The Celsius founder denied all charges and was released on a $40 million bond after being arrested on allegations of misleading customers and inflating the company’s CEL token
Former CEO of Celsius Network, Alex Mashinsky, was arrested and charged on Thursday with securities and wire fraud among other offenses, according to Reuters:
“Mashinsky, 57, arrived in federal court in Manhattan for his arraignment wearing a gray polo shirt, jeans and no handcuffs.”
Mashinsky pleaded not guilty to all charges and was released on a $40 million bond.

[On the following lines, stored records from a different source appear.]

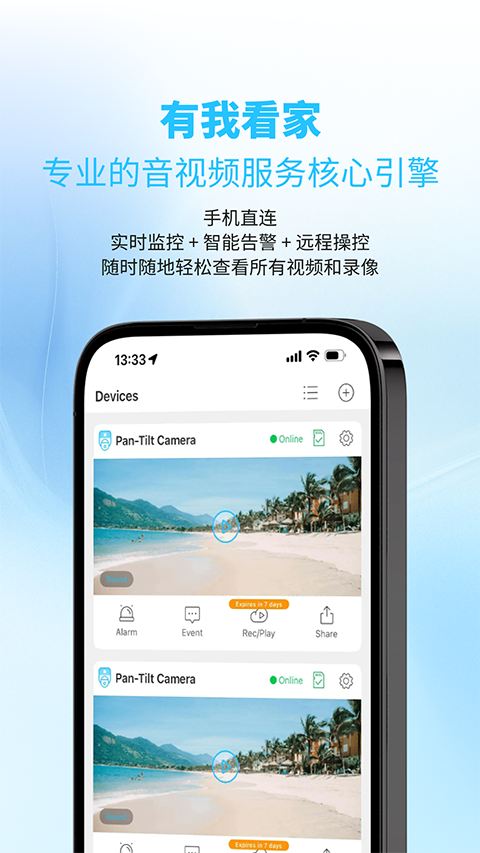 1、支持远程回放设备的录像。 2、支持现场录像及查看。 3、支持按用户登录和设备登录两种方式。 4、支持多通道切换(最多64通道)。 5、支持云台上下左右、聚焦、变倍及光圈控制。 6、可以用手机通过WIFI和GPRS实时观看视频。 7、支持设备连接参数配置、修改、删除。 8、支持设备序列号、IP地址和动态域名访问。有我看家监控怎么连接手机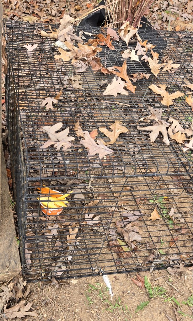 TRICK: A cage for Calvin. Calvin still runs from us, but I’ve started to leave him food, hoping to gain his trust.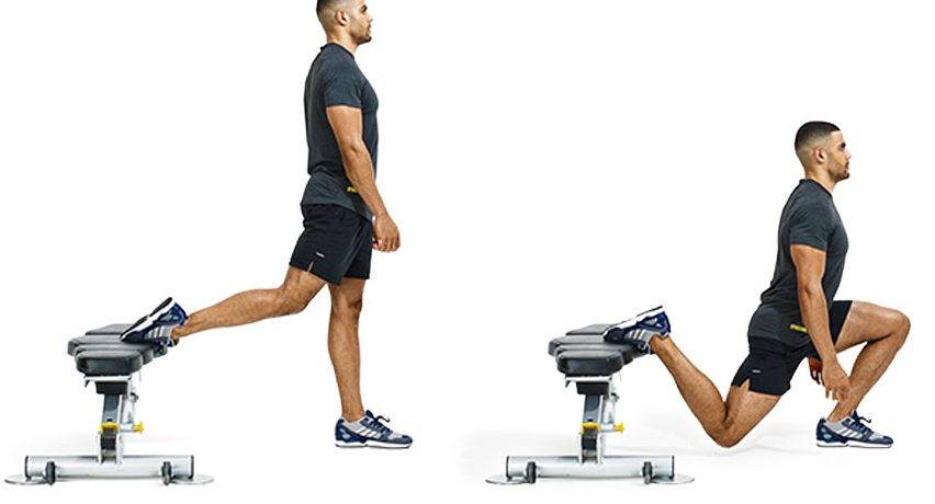 - Встаньте спиной к платформе или стулу высотой до колен. Согните одну ногу и положите ступню на платформу позади вас. Отпрыгните вперед на одной ноге и опуститесь в подсед в позу “ножницы”.

The arrest followed a series of lawsuits filed against Celsius and Mashinsky by the CFTC, FTC and SEC.
Before the arrest, New York State got to him first when NY Attorney General Letitia James sued him in state court, accusing him of misleading thousands of investors in the state.
U.S. Magistrate Judge Ona Wang approved Mashinsky’s bail, backed by his Manhattan residence and signatures from his wife and another party. His travel has been limited to the Eastern and Southern District of New York.
Mashinsky’s attorneys, Benjamin Alee and Jonathan Ohring, have yet to publicly comment on the case. However, they said in a statement to CoinDesk that “he looks forward to vigorously defending himself in court against these baseless charges.”
Celsius, which declared bankruptcy in 2022 following a rapid decline in crypto prices and a wave of customer withdrawal requests, is under scrutiny. Prosecutors allege that Mashinsky, from 2018 to 2022, deliberately misled investors about key aspects of Celsius’s operations:
“[Mashinsky] orchestrated a scheme to defraud customers of Celsius Network LLC and its related entities.”
The charges focus on the company’s Earn Interest Program, which promised high returns of up to 17% and presented the platform as a safe haven akin to a modern-day bank. These claims, prosecutors argue, starkly contrast with the platform’s allegedly high-risk strategies.
Mashinsky and Celsius have yet to change their stance on the platform’s financial stability, the SEC says.